● **Assignment**
The line containing "また、先週、中学を代表して生" marks the start; extract exactly from it through the last line of the entries, and omit any pictures.

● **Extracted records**
-*-*-
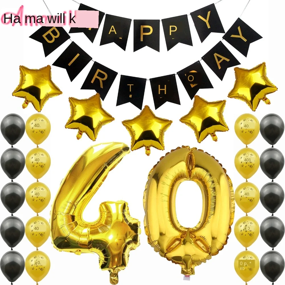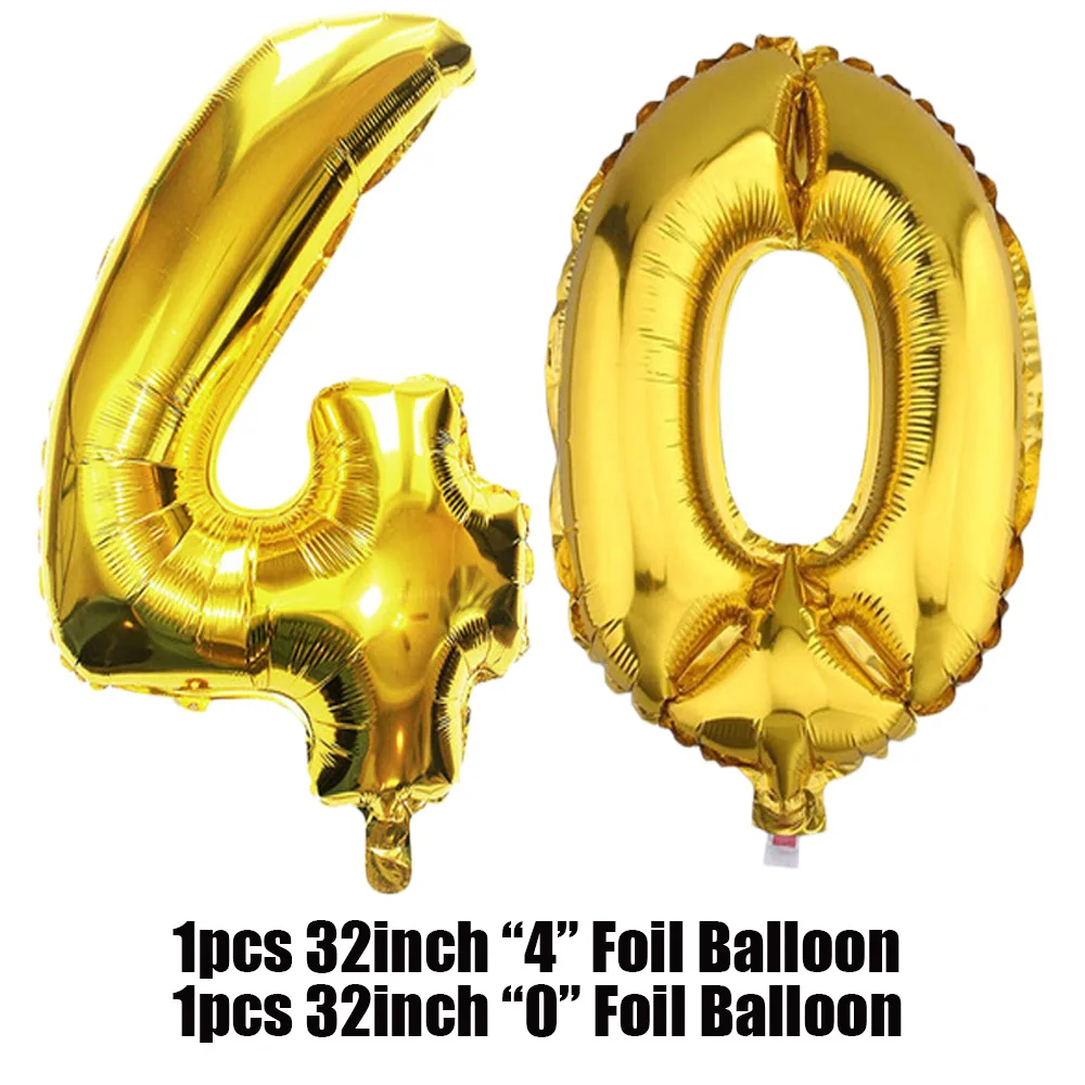 Набор для украшения на 40-й день рождения Amawill, баннер, воздушные шары, 32 дюйма, фольга, цифры, 40 лет, юбилейные принадлежности
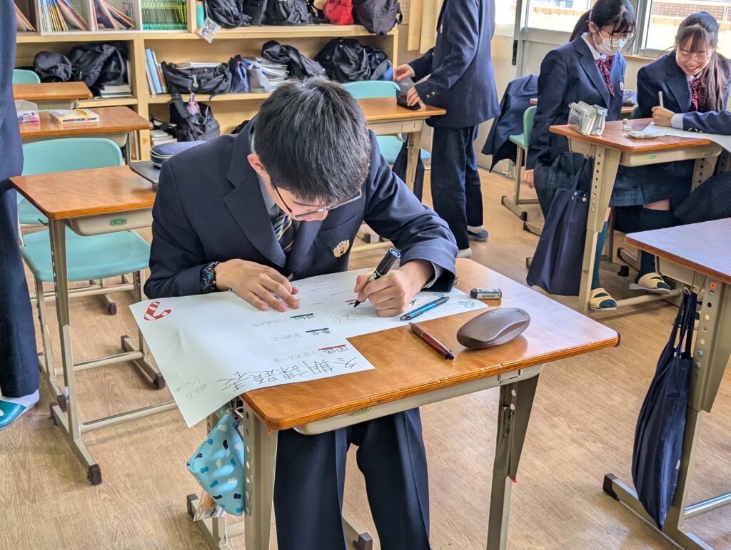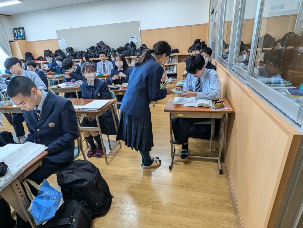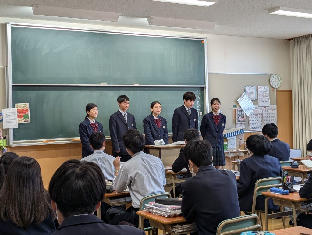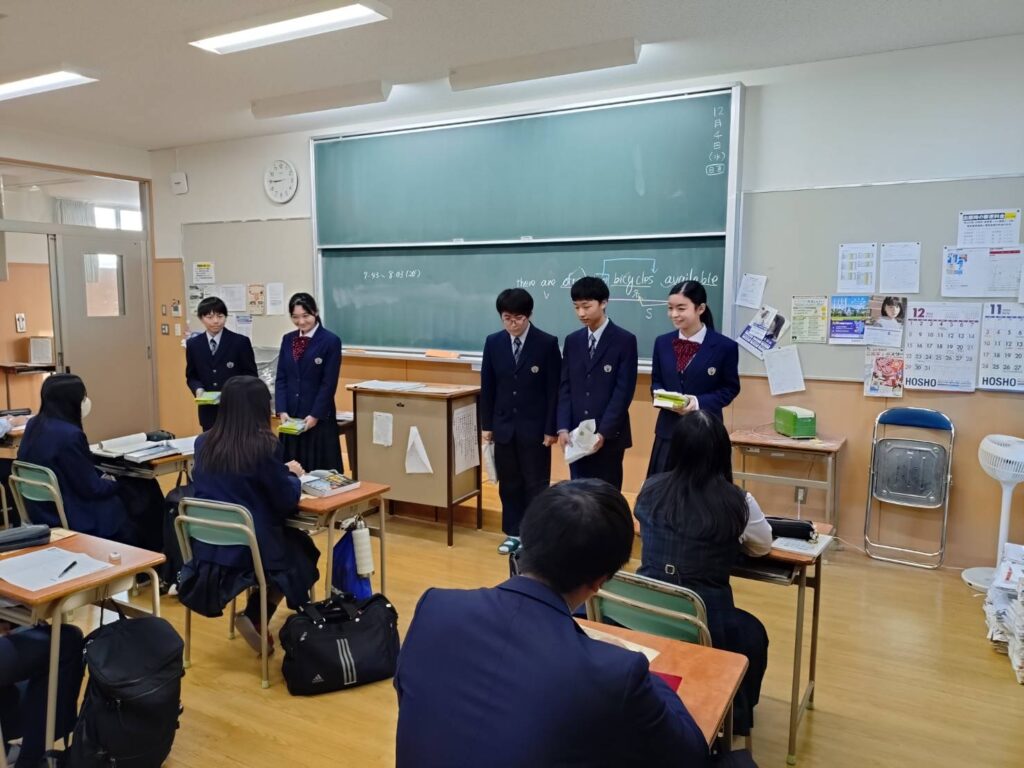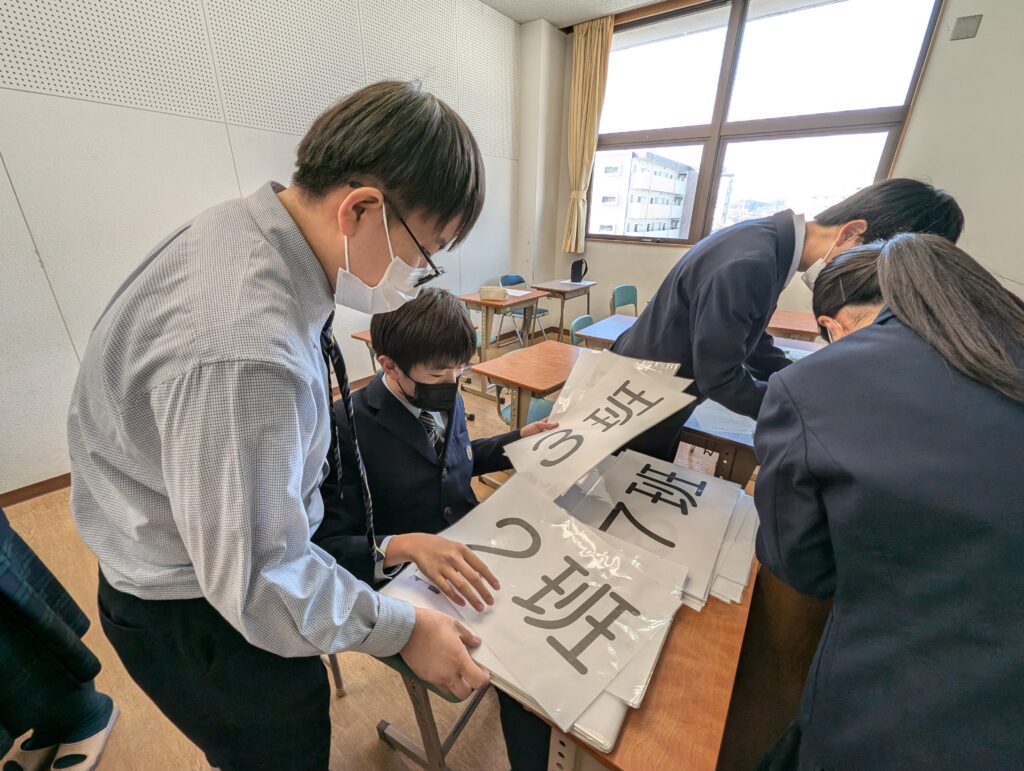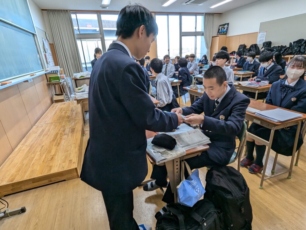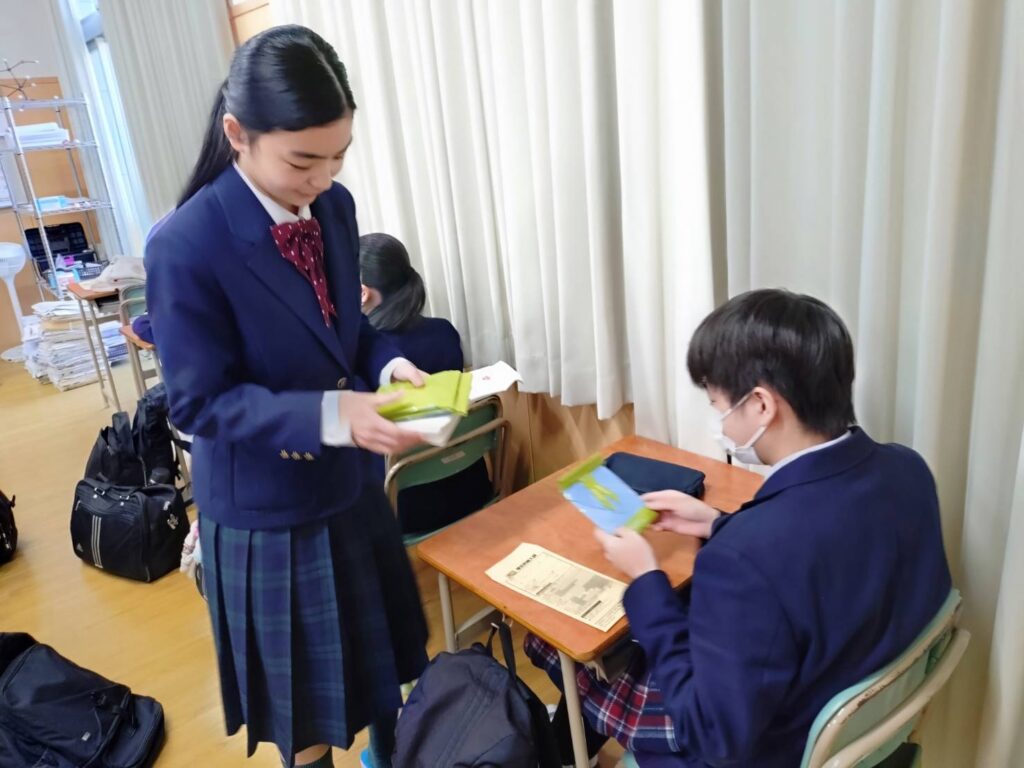 また、先週、中学を代表して生徒会役員が中高一貫の高校3年生の先輩方に合格タオルを渡しに行ってきました!
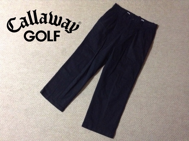> ★中古★キャロウェイ ゴルフ メンズ ゴルフ コットンパンツ ストレッチ 黒 ブラック XLサイズ 刺繍ロゴ 2タック オールド Callaway GOLF
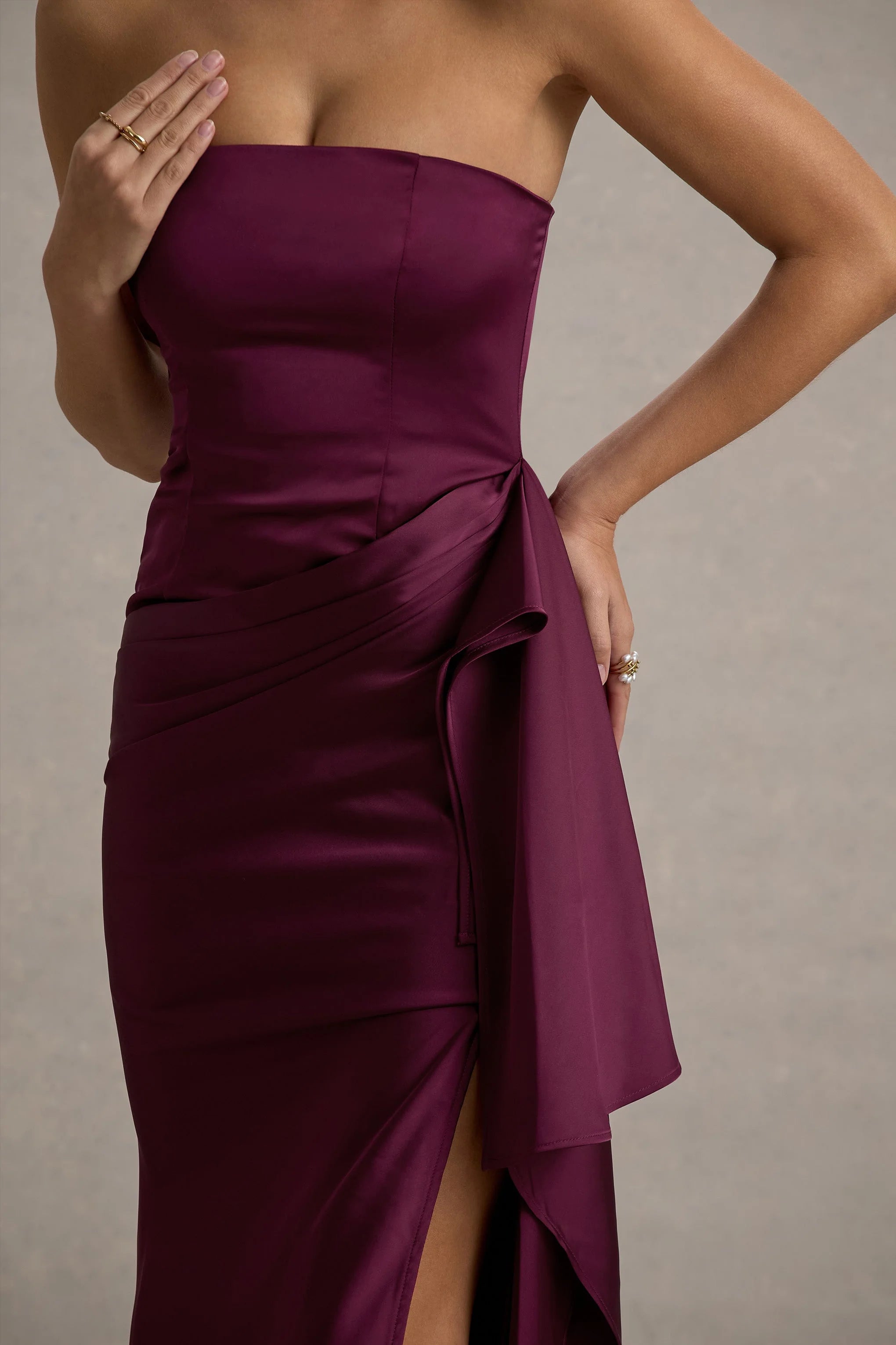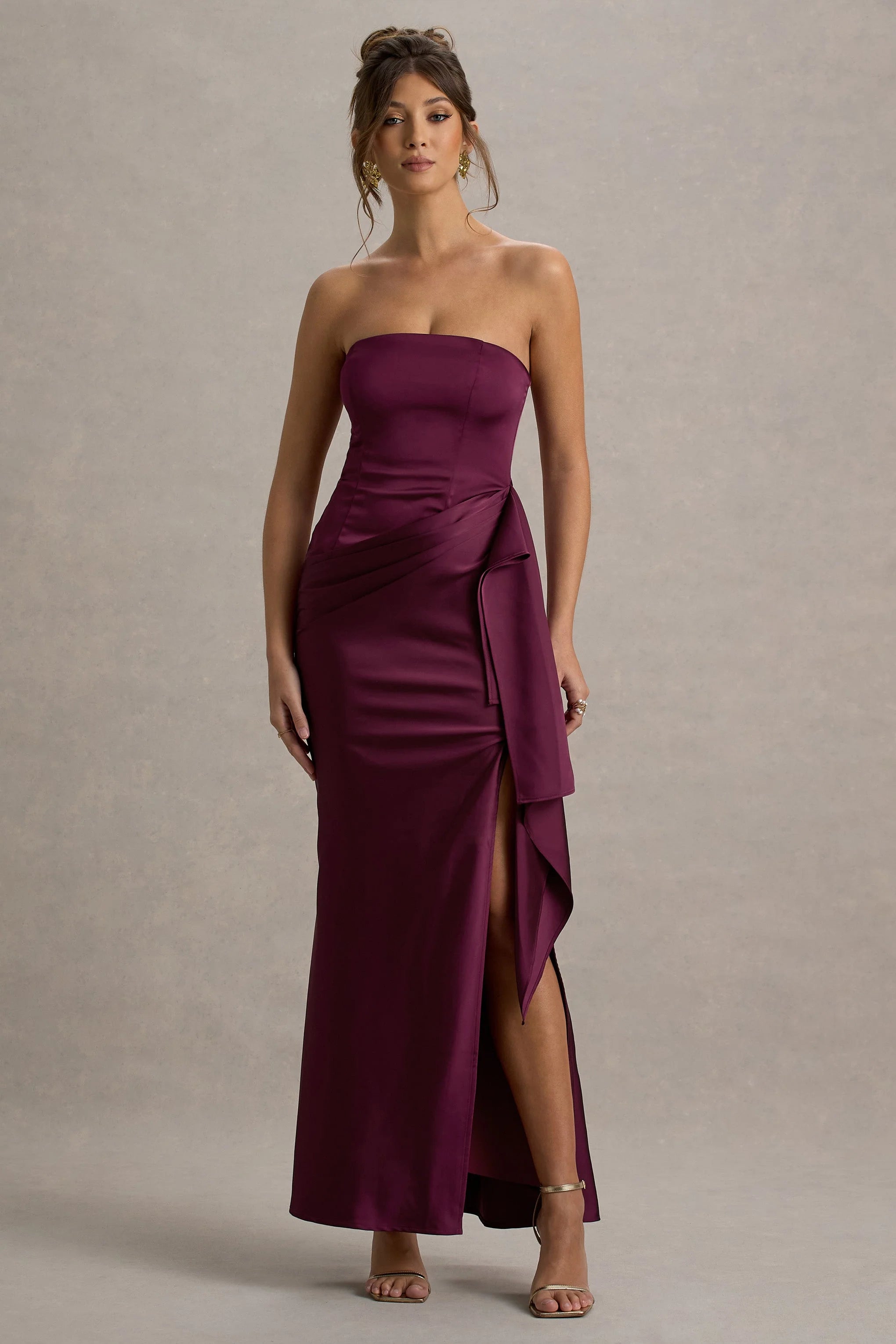 Defined by soft elegance and refined detail, Loz is a stunning choice for your most glamorous occasions. Crafted from our luxurious premium stretch satin in a burgundy hue, this maxi dress features a chic bandeau neckline that beautifully highlights the shoulders. The expertly draped silhouette flatters the figure, while the floor-length skirt adds a touch of timeless sophistication. Trying styling Loz with sparkling accessories for a look that exudes romantic charm.
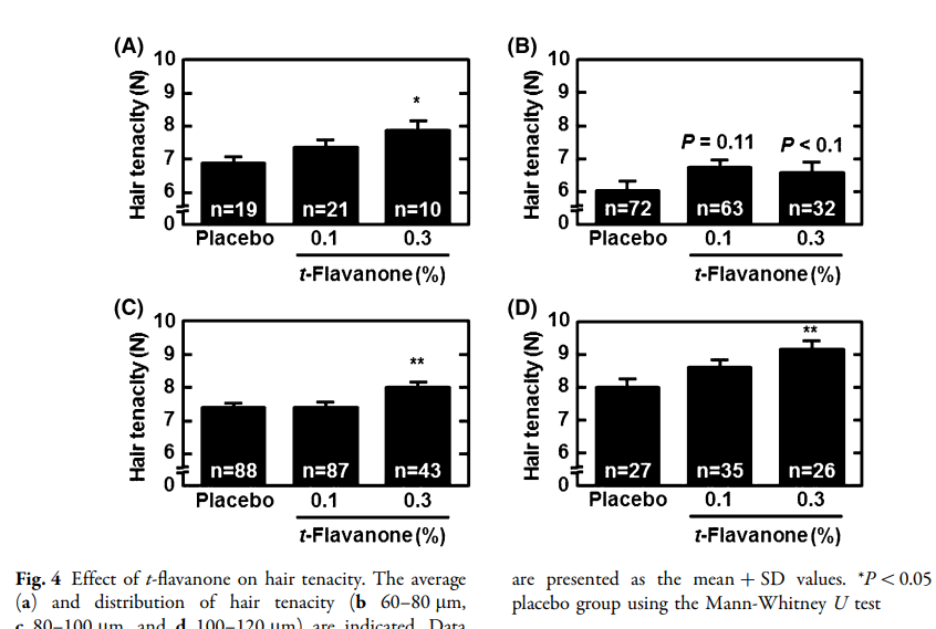 而拉发实验则发现,0.3%t-黄烷酮使用者们的头发韧性显著增加,头发更难被拔下来。
-*-*-
● **Expected answer**
 また、先週、中学を代表して生徒会役員が中高一貫の高校3年生の先輩方に合格タオルを渡しに行ってきました!
> ★中古★キャロウェイ ゴルフ メンズ ゴルフ コットンパンツ ストレッチ 黒 ブラック XLサイズ 刺繍ロゴ 2タック オールド Callaway GOLF
 Defined by soft elegance and refined detail, Loz is a stunning choice for your most glamorous occasions. Crafted from our luxurious premium stretch satin in a burgundy hue, this maxi dress features a chic bandeau neckline that beautifully highlights the shoulders. The expertly draped silhouette flatters the figure, while the floor-length skirt adds a touch of timeless sophistication. Trying styling Loz with sparkling accessories for a look that exudes romantic charm.
 而拉发实验则发现,0.3%t-黄烷酮使用者们的头发韧性显著增加,头发更难被拔下来。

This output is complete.